Всё с тою же тяжёлой пустотой в груди, с усталостью уже вечной она подумала, что любит этого лживого, подлого, жестокого и совершенно ей непонятного человека, что он скоро бросит её, но сама она от него теперь никогда не откажется.
ТАКАЯ ЗИМА…
1
Никогда не было ещё такой зимы — метель за метелью, бураны, позёмки, вьюги. То ватными хлопьями валил и лепил непроглядный снегопад, то кружило, дымом моталось по сутулым сугробам, по толстым кровлям задавленных и словно бы присевших под тяжестью снегов изб, сараев, катухов; то параллельно белой земле внеслась со свистом и воем, с белыми полыхающими хвостами и гривами свадьба пурги с ураганом. И снег, и всё снег, и снег… Без конца.
Под вечер уже, с набившимся по всем складкам одежды снегом, залепившим брови и даже ресницы, ввалился домой к себе колхозный прораб Павлушка Золотов, небольшой, даже щупленький, и молодой, почти мальчишечка. А с ним гость — высокий, худой, широкоплечий, с красной жилистой шеей, в расстёгнутой, но с поднятым воротником бобриковой «москвичке», в каракулевой кожаной шапчонке, сбитой набекрень, и в белых генеральских бурках. Да! Шёлковое кашне на нём ещё красовалось, белое.
Были они навеселе и победно, с вызовом весёлым смотрели на жену Павлушки, на Альбину. Тут попутно и скороговоркой отметим: откуда у простой в общем-то деревенской женщины взялось такое совершенно нездешнее имя — никто не знал. Привёз её Павлушка Золотов из какого-то дальнего района, где она жила и произрастала на глухом железнодорожном разъезде, именуемом Казармой. Где и как он с нею познакомился — тоже неизвестно. Известно было, что Альбина на четыре года старше своего мужа была, характером самовластная и своенравная, и Павлушку она на себе ловко женила, накрепко забрав его в свои руки. Но детей у них до сих пор не было, хотя прожили они в супружеской жизни около трёх лет.
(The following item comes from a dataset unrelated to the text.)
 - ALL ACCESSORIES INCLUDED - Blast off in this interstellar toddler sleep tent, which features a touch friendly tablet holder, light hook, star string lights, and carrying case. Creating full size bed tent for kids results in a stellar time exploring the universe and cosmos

— Черти вас по сугробам не иначе валяли! — закричала на них Альбина, недовольная тем, что Павлушка сам пьяненький явился, да ещё притащил в дом совершенно незнакомого ей человека, и человека такого, который ей почему-то с первого же взгляда не понравился. — Снегу на вас, гляди — целая зима!
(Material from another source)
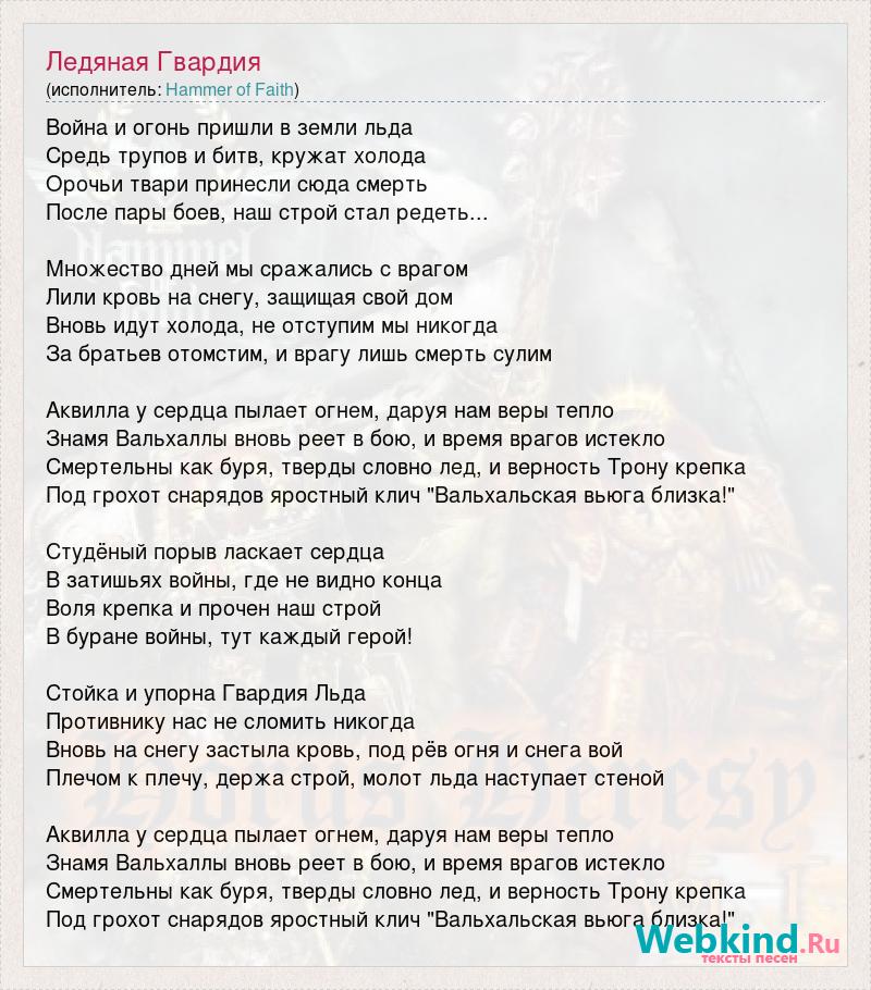 Война и огонь пришли в земли льда Средь трупов и битв, кружат холода Орочьи твари принесли сюда смерть После пары боев, наш строй стал редеть... Множество дней мы сражались с врагом Лили кровь на снегу, защищая свой дом Вновь идут холода, не отступим мы никогда За братьев отомстим, и врагу лишь смерть сулим Аквилла у сердца пылает огнем, даруя нам веры тепло Знамя Вальхаллы вновь реет в бою, и время врагов истекло Смертельны как буря, тверды словно лед, и верность Трону крепка Под грохот снарядов яростный клич "Вальхальская вьюга близка!" Студёный порыв ласкает сердца В затишьях войны, где не видно конца Воля крепка и прочен наш строй В буране войны, тут каждый герой! Стойка и упорна Гвардия Льда Противнику нас не сломить никогда Вновь на снегу застыла кровь, под рёв огня и снега вой Плечом к плечу, держа строй, молот льда наступает стеной Аквилла у сердца пылает огнем, даруя нам веры тепло Знамя Вальхаллы вновь реет в бою, и время врагов истекло Смертельны как буря, тверды словно лед, и верность Трону крепка Под грохот снарядов яростный клич "Вальхальская вьюга близка!"

— Не ругайся, хозяйка, — нутряным, утробным голосом забухал бесцеремонно гость, нимало не смущаясь не очень-то вежливой встречей, — а то в степи обязательно заплутает и замёрзнет кто-нибудь! Нельзя в буран ругаться — примета есть такая.
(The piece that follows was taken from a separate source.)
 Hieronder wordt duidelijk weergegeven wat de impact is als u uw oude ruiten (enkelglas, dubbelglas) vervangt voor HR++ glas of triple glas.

— А это ещё кто такое? — встав к гостю вполоборота и уперев руки в крутые свои бока, смерила Альбина его недоброжелательным и пренебрежительным взглядом.
— Алечка, Аля! — кричал и смеялся пьяненький Павлушка, обнимая своего новоявленного дружка и обвисая на нём, высоком, в каком-то бессилии умиления и нежности. — Это наш гость — принимай айда его давай! Всё мечи, что настряпала в печи! Он пока у нас будет жить. Первое время, первое время! — поднимая руки, словно сдаваясь в плен, поспешил он заверить вскинувшуюся было с протестом жену. — Знаешь? У него — ну, золотые же руки! Уникальный специалист, уникальный! А уж человек…
— А ну, уникальные или вы там какие, ступайте в сенцы да как следует отряхнитесь! А то под вами, как под телятами, лужи уже натекли, — вытолкала их в сени Альбина и тотчас же быстро, со сноровкой привычной, подтёрла полы у порога, где стояли муж и внезапный этот постоялец.